HE.net, Fremont-2 outage?

Seth Mattinen sethm at rollernet.us
Wed Nov 4 20:28:41 UTC 2009


Joe Greco wrote:
> 
> Yup.  Related: "100% availability" is a marketing person's dream; it 
> sounds good in theory but is unattainable in practice, and is a reliable
> sign of non-100%-reliability.
> 
> The most common way to gain "100% availability" is to avoid testing
> under load.  This surely protects the equipment against a whole slew of
> failures in the less-used portions of your power systems, but also
> protects you from detecting them outside your Hour(s) Of Greatest Need.

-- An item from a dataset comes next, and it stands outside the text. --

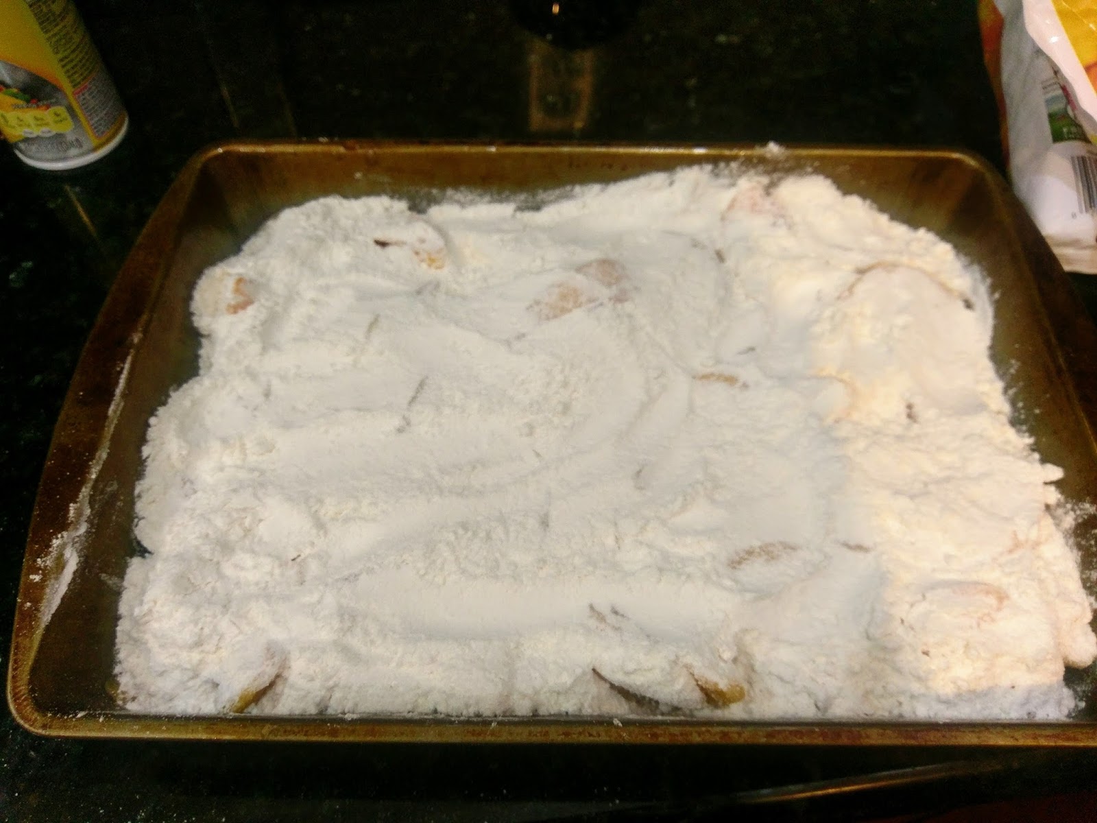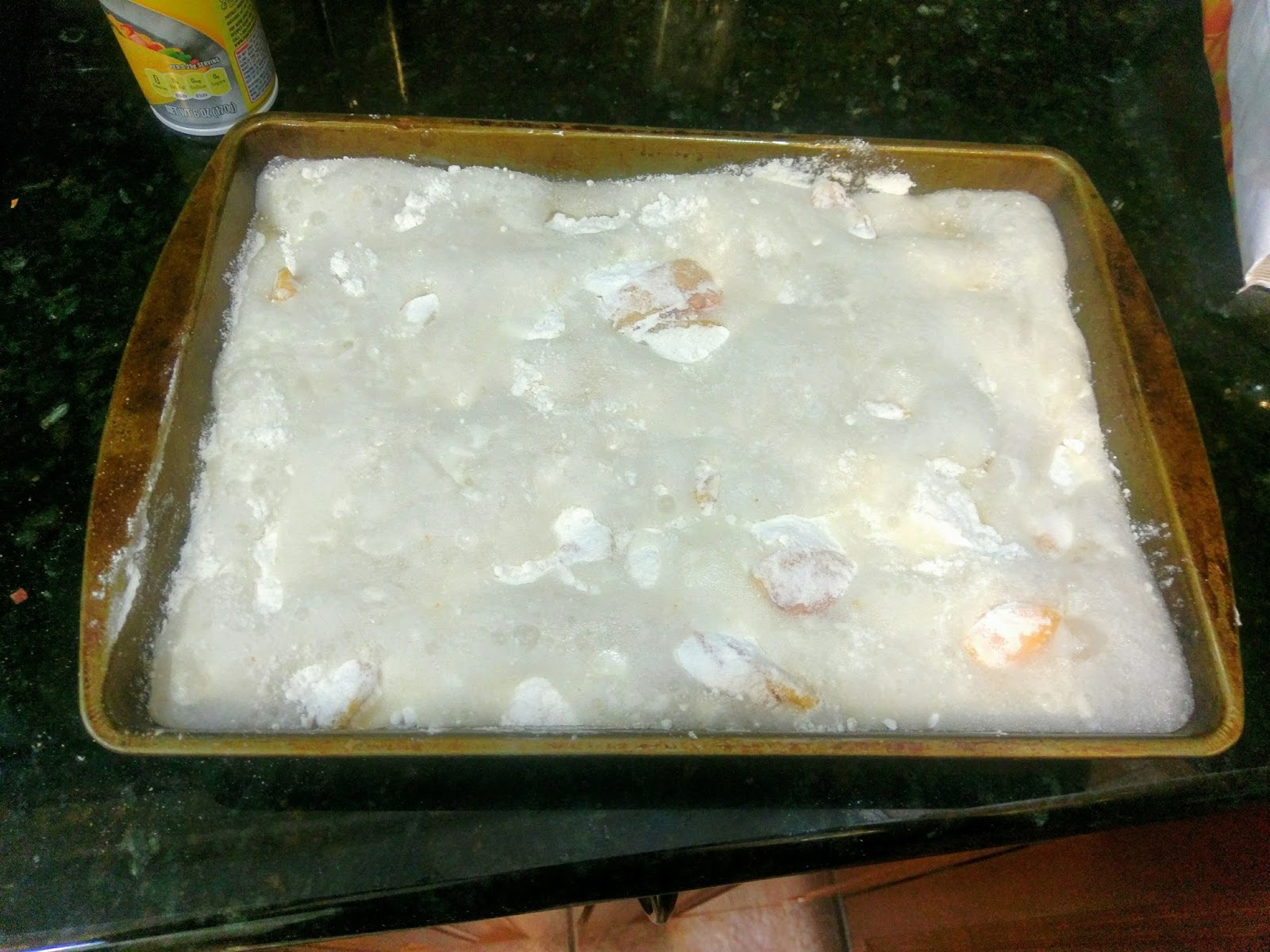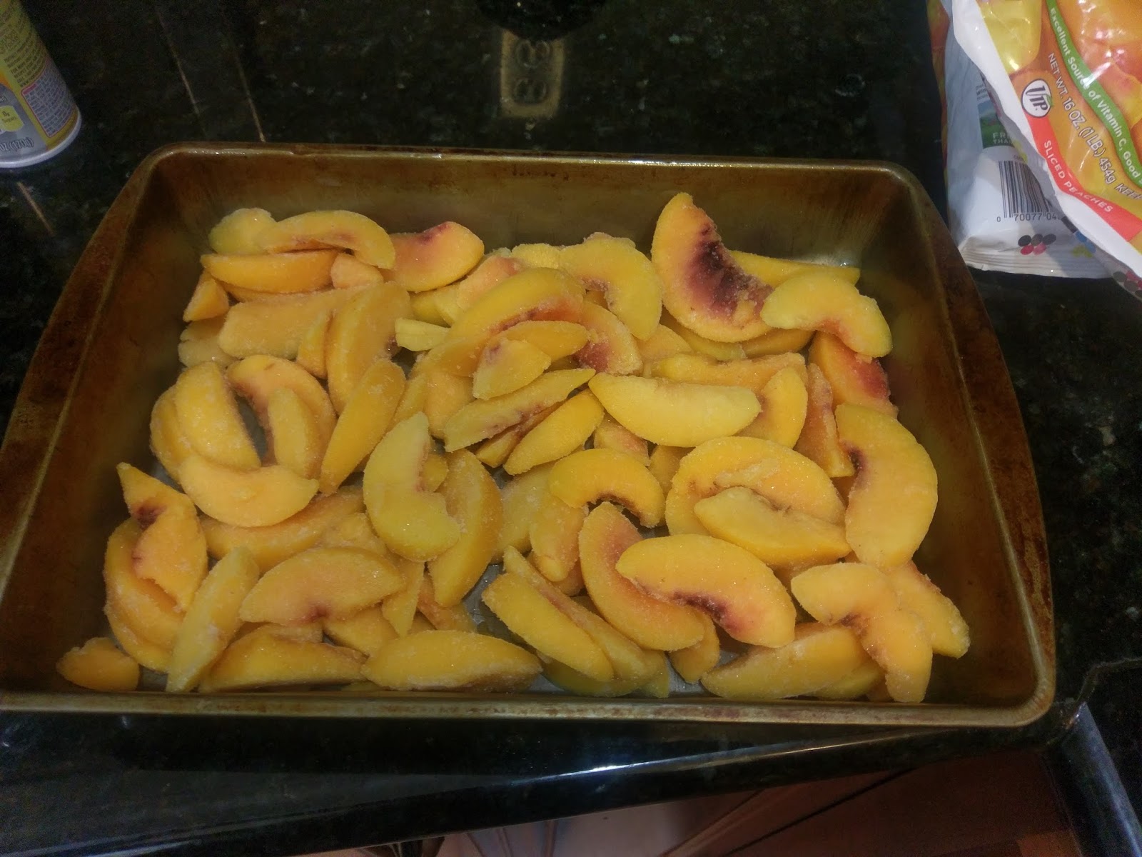 While your oven preheats to 350, grease a 9×13 baking pan. Take both bags of frozen peaches and dump into the pan. Try to spread these out to form even layers without any empty spaces.

Not testing under load is silly, IMHO. Does it work? Maybe. If it does
something strange during testing it's attended, expected, and utility is
available to fall back on. Starting your generator only means it'll turn
over and idle, not that it'll provide power under load all the way to
the racks.

Some people may prefer a colo that never risks it and therefore never
does more than idle the genset to claim 100% uptime. Others may prefer
one that won't promise 100% everything but does load tests. I'd rather
have a test go wrong while utility is available rather than a failed
backup with no utility hoping the power comes back before the UPS dies
or the room cooks itself. Both extremes are available to choose from if
you do your research before picking a colo.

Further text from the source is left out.